■ **Try it**:
Repeat the material exactly from its first line to the line that includes "银行卡类咨询投诉主要有银行卡". Skip pictures.

■ **Source material**:
☆ ☆ ☆ ☆

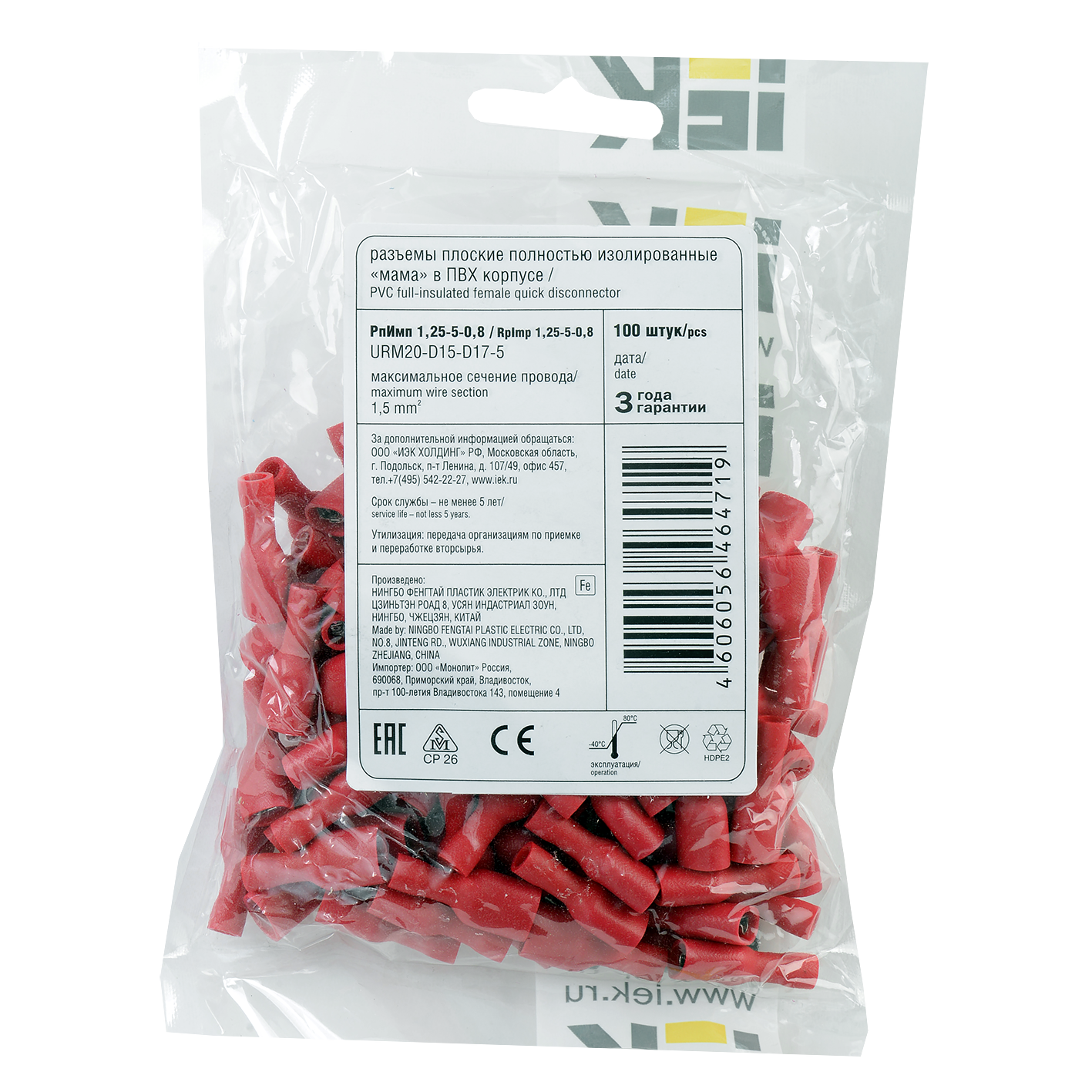 Разъем РпИмп 1,25-5-0,8 плоский (100шт/упак) IEK
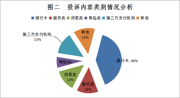 银行卡类咨询投诉主要有银行卡代扣缴费数额与客户预期有出入引争议;客户存折被冻结致医保扣费失败;业务经理在销售过程中未对产品进行充分解释,造成消费者在非自愿的情况下办理信用卡等等。金融机构服务类投诉咨询基本上属于较常见的问题,工作人员服务态度欠佳,服务质量达不到消费者预期需求等等。贷款类涉及的是消费者对保费与利息的概念了解不清晰,引起还款利息的争议。保险业方面的投诉,主要还是以银保产品业务投诉为主,如业务员夸大预期收益、中途退保争议以及消费者对保单内容不熟悉等等。
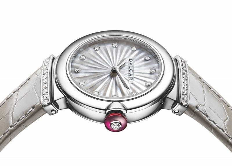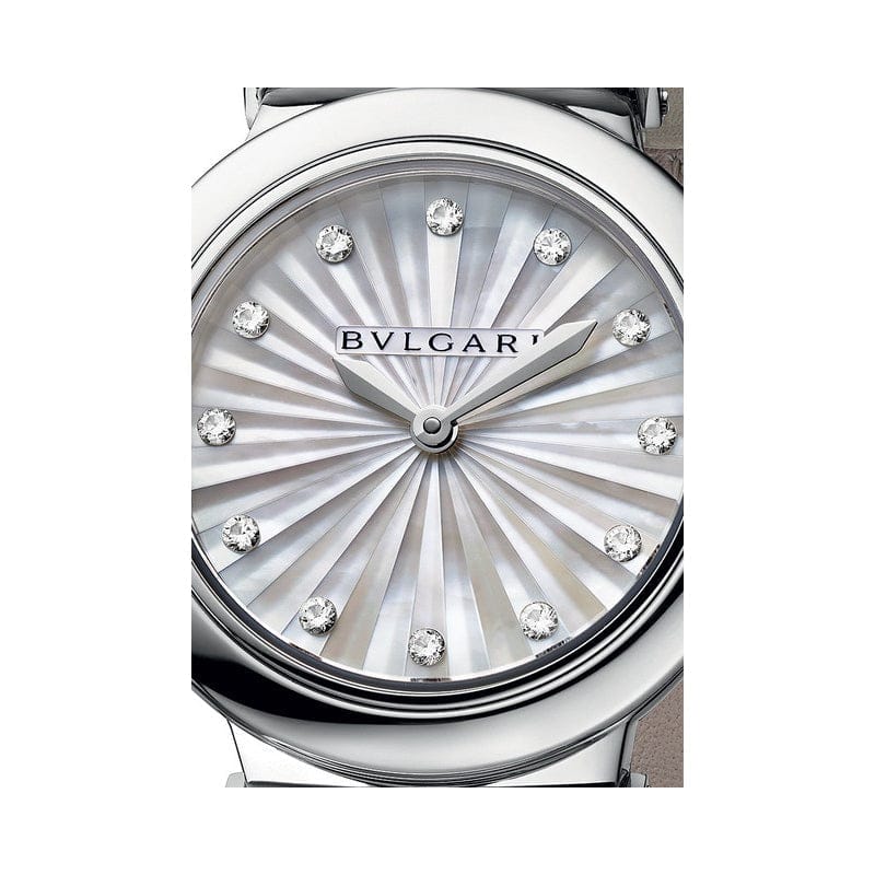 A symbol of radiant and modern femininity, the LVCEA watch brings glamour to the everyday and to every style. Infused with exceptional artistry, this rendition in stainless steel, completed by a grey alligator bracelet, displays the integral bond between Bulgari’s jewellery savoir faire and watchmaking expertise. Its three-dimensional dial, embellished with diamond indexes, is crafted with mother-of-pearl elements, faceted and assembled one by one to evoke the rays of the sun: a classic métiers d’art technique inspired by “intarsia".
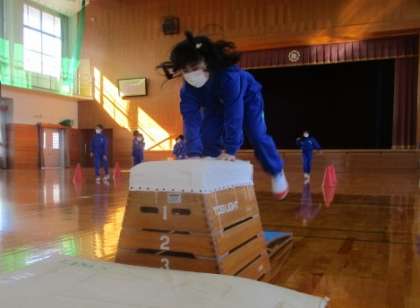 開脚飛びが安定してきました。 手をつく位置を意識して練習しました。

☆ ☆ ☆ ☆

■ **Task output**:
 Разъем РпИмп 1,25-5-0,8 плоский (100шт/упак) IEK
 银行卡类咨询投诉主要有银行卡代扣缴费数额与客户预期有出入引争议;客户存折被冻结致医保扣费失败;业务经理在销售过程中未对产品进行充分解释,造成消费者在非自愿的情况下办理信用卡等等。金融机构服务类投诉咨询基本上属于较常见的问题,工作人员服务态度欠佳,服务质量达不到消费者预期需求等等。贷款类涉及的是消费者对保费与利息的概念了解不清晰,引起还款利息的争议。保险业方面的投诉,主要还是以银保产品业务投诉为主,如业务员夸大预期收益、中途退保争议以及消费者对保单内容不熟悉等等。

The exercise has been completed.